» **EXERCISE**: Quote from the first line below through the line that contains "Figure 2. The", both included, and leave the pictures out.

» **DATASET ENTRIES**:
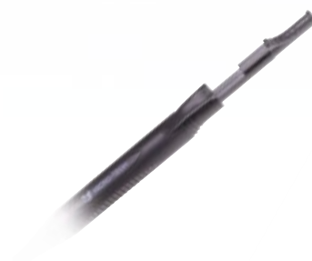
Compact ergonomical design
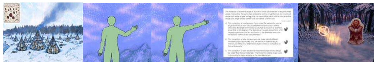
Figure 2. The Hidden Village ; (a) Scene with full village map; (b) & (c) Directed actions turn green when players’ actions match using Kinect™; (d) Conjecture multiple choice; (e) Tribal elder and earned shape.

GEMC posits that body-based (nonverbal) forms of reasoning, as exhibited by gestures that show dynamic mathematical reasoning, can allow for key mathematical insights when reasoning about geometric relationships. When motor system activation is coupled with language system activation, in the form of dialog, self-explanations, or pedagogical cues, GEMC predicts that both insight and the formulation of valid proofs will be enhanced. We explored the implications for theory and learning environment design. Specifically, GEMC-based design principles led us to make The Hidden Village , a videogame where players must copy actions of tribal village members that sometimes model relevant geometric relationships in body-based form. Shape properties are then explicitly explored when players test and justify in-game geometry conjectures (Figure 2).
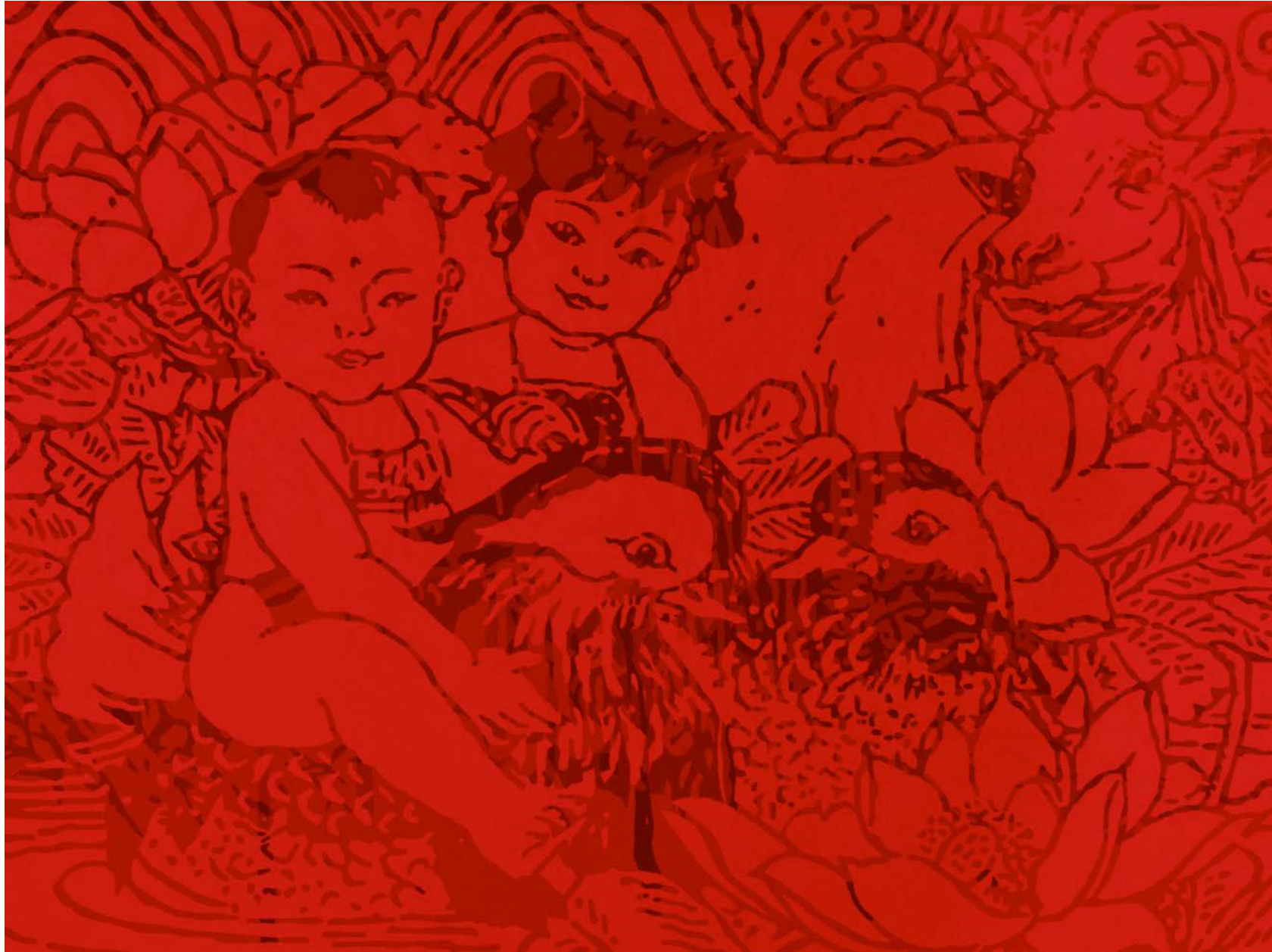
520 Happily Ever After (As seen through red lenses)
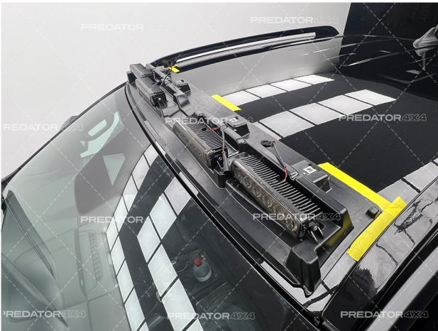
1. Install 4x LED lights into position on the roof light base, this can be done off the car.
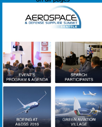
This picture is subject to modifications

Your company logo will be visible on all pages
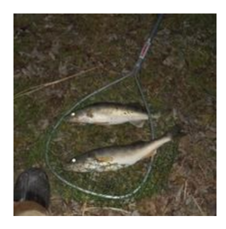
Angler Al's first walleye catch 2014
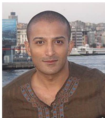
Adil Ray in Turkey , 2012
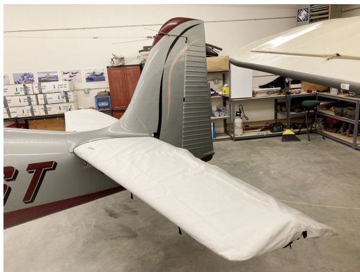
Navion Rangemaster Horizontal Stabilizer Covers

mitigation, or for occasional travel. The material is lighter and more compact, but more susceptible to UV damage and may have a shorter useful life if used continuously outside than the all-year use material.

» **SOLUTION FOR THIS PROBLEM**:
Compact ergonomical design
Figure 2. The Hidden Village ; (a) Scene with full village map; (b) & (c) Directed actions turn green when players’ actions match using Kinect™; (d) Conjecture multiple choice; (e) Tribal elder and earned shape.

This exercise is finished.